Most Probable Number of Viable Spores.

Sample CategoryTreatmentMPN (N, σ)
Lab Ground CouponsKept in the laboratory1.84 × 106 (1, N/A)
Transported Ground CouponsTransported to launch site but not installed1.93 × 106 (2, 3.74 × 105)
Face-Up Flight CouponsFlown, exposed for 2 s1.91 × 106 (4, 4.30 × 105)
Inverted Flight CouponsFlown, exposed for 2 s without sunlight1.66 × 106 (4, 5.96 × 105)

If future flights deployed the same experimental design and exposed microbes for hours at float, we would expect to see a rapid inactivation. Smith et al. (2011) simulated stratospheric conditions and measured a 99.9% loss of viable Bacillus subtilis spores after only 6 hours of direct UV irradiation. Beyond investigating viability alone, transcriptome sequencing and differential expression analysis of RNA could provide valuable insight into the functional effects of stratospheric transport on surviving microorganisms. For instance, this approach could help identify genes associated with repairing damage to the cell envelope, genome, and/or core metabolic proteins. Even with complete survival, our coupons yielded only between 0.53 to 0.97 μg total RNA. Generally, about 1 μg RNA per sample is needed for preparing a transcript library from germinated survivors. Recent developments in library preparation may soon allow reproducible single-cell transcriptomics using as little as 10 pg of starting total RNA (Sasagawa et al., 2013). Nevertheless, follow-on stratosphere experiments may require an order of magnitude increase in the number of spores doped onto coupon surfaces since longer exposures will inactivate a greater portion of samples.

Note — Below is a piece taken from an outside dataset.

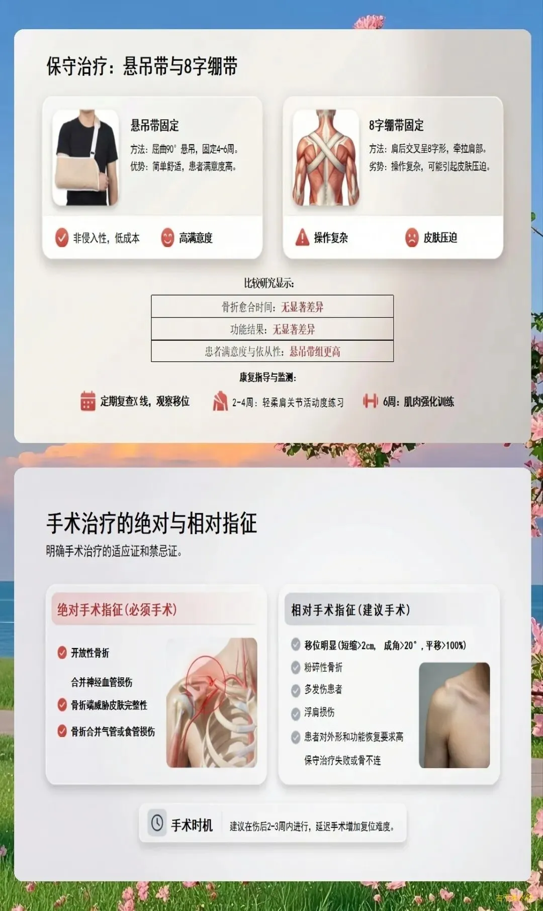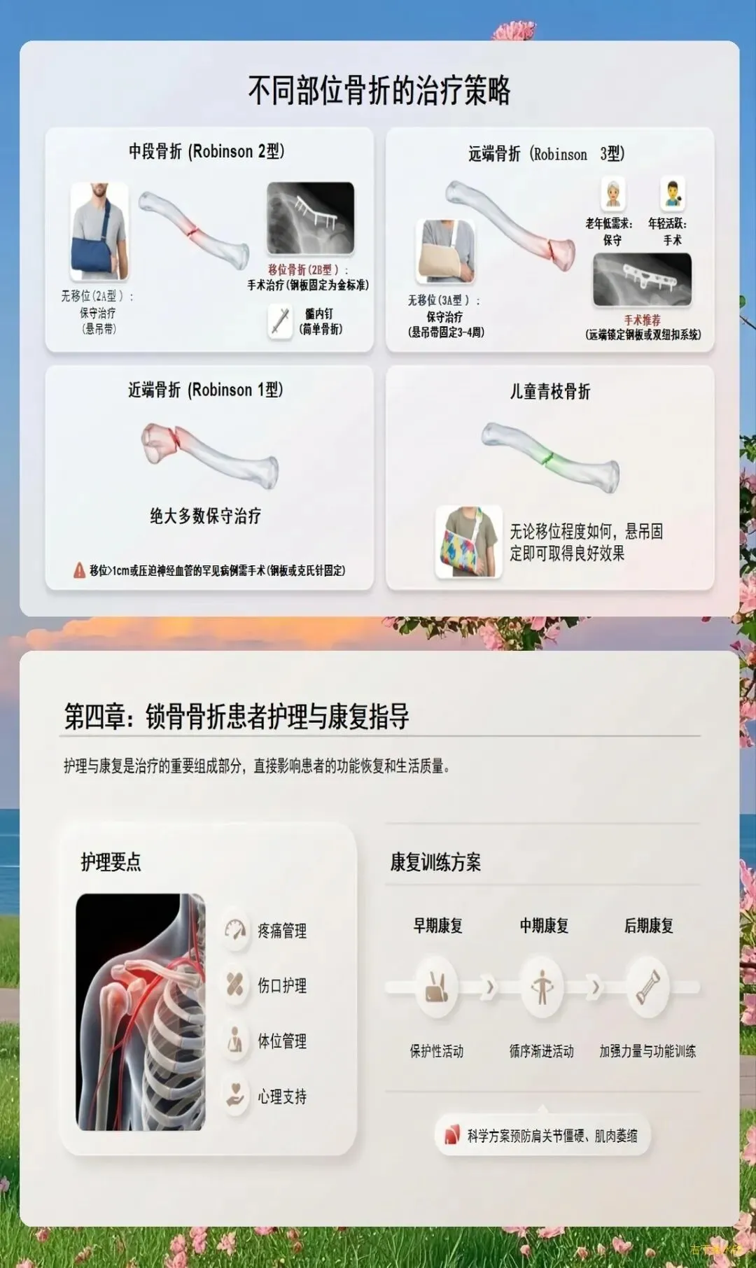 锁骨骨折非手术治疗的主要方法是使用"8"字绷带或三角巾悬吊固定。护理要点包括:

Boosting biomass to harvest enough RNA may generate misleading survival data, resulting in a layer of spores that block irradiation effects. Our coupon preparation method using a 100 μl aliquot generated a layer of 1 to 3 spores (Figure 4). Larger coupons (accommodating more spores across the surface) or flying more replicates (to pool samples) may yield enough recoverable RNA without creating unwanted spore layers. The simplicity of the skewer base plate lends itself to customization. Biological requirements can guide the optimal engineering of the skewer base plate. Future investigators can easily reconfigure the base plate to allow for the desired number of replicates and microbe concentrations, or accommodate other categories of microorganisms incompatible with the aluminum coupons.

Earth's stratosphere is extremely dry, cold, irradiated, and hypobaric, and it may be useful for the archive of microorganisms isolated from NASA spacecraft assembly facilities (e.g., Benardini III et al., 2014) to be evaluated in an environment analogous to Mars. Survival-based studies were recently deployed outside the International Space Station (ISS) (Horneck et al., 2012) and the same category of experiments can be conducted in the stratosphere. We hope the baseline data, procedures, and controls discussed herein can provide a pathway for future investigations using E-MIST. While spore-forming bacteria have remarkable resistance to atmospheric extremes, non-spore-forming bacteria, archaea, fungi, algae, and viruses should also be examined. A species-specific inactivation model that predicts the persistence of microbes in Earth's upper atmosphere (e.g., pathogenic cereal rusts), or even on the surface of Mars, is one of many possible outcomes from stratospheric microbiology research.